The pattern reflects a broader deterioration in civic discourse that researchers say has accelerated alongside the spread of political content on social media platforms and an increasingly acrimonious national political environment. Councillors representing planning, housing, and environmental portfolios reported the highest incidence of abuse, with nearly three-quarters of planning committee chairs saying they had received threatening communications relating to specific decisions on development applications. Several respondents described incidents involving confrontations at their homes, vandalism of their vehicles, and sustained campaigns of coordinated online harassment that they said had taken a severe toll on their mental health.

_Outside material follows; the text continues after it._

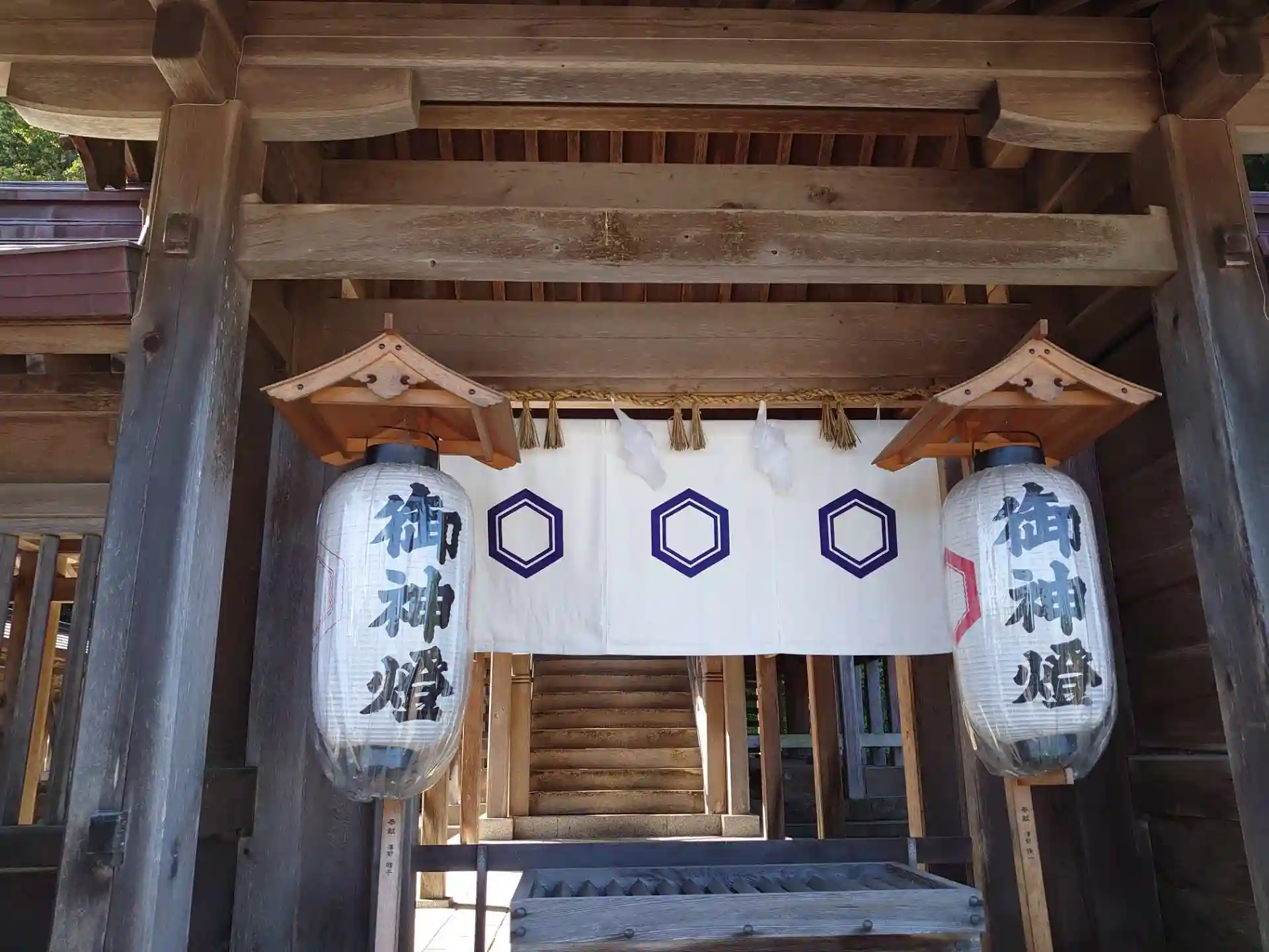 正殿は扇の地紙、北殿は輪違、南殿は二重亀甲が神紋です。

“I’ve been a councillor for 23 years and I’ve never seen anything like this,” said Councillor Margaret Firth, who chairs the planning committee in a district council in the East Midlands. “Two years ago someone posted my home address online after we approved a solar farm application. I had strangers turning up at my gate. My husband wanted me to resign.” Firth said she had subsequently installed security cameras at her property at her own expense, as her local authority provided no funding for personal protection measures. She continues to serve but said several colleagues had stepped down citing similar pressures.

The Local Democracy Foundation said the results pointed to a crisis in the pipeline of community representatives willing to stand for local office. Vacancy rates on councils have risen to an average of 8.4 percent nationally, the highest recorded figure in the foundation’s 30 years of monitoring, and by-election participation is declining in many areas. “If we cannot make local democratic office a safe and dignified calling, we will find ourselves with councils that are unrepresentative, understaffed, and incapable of making difficult but necessary decisions,” said the foundation’s chief executive, Dr. Priya Menon. She called on the government to introduce statutory protections and a dedicated reporting mechanism for threats against elected representatives at all levels.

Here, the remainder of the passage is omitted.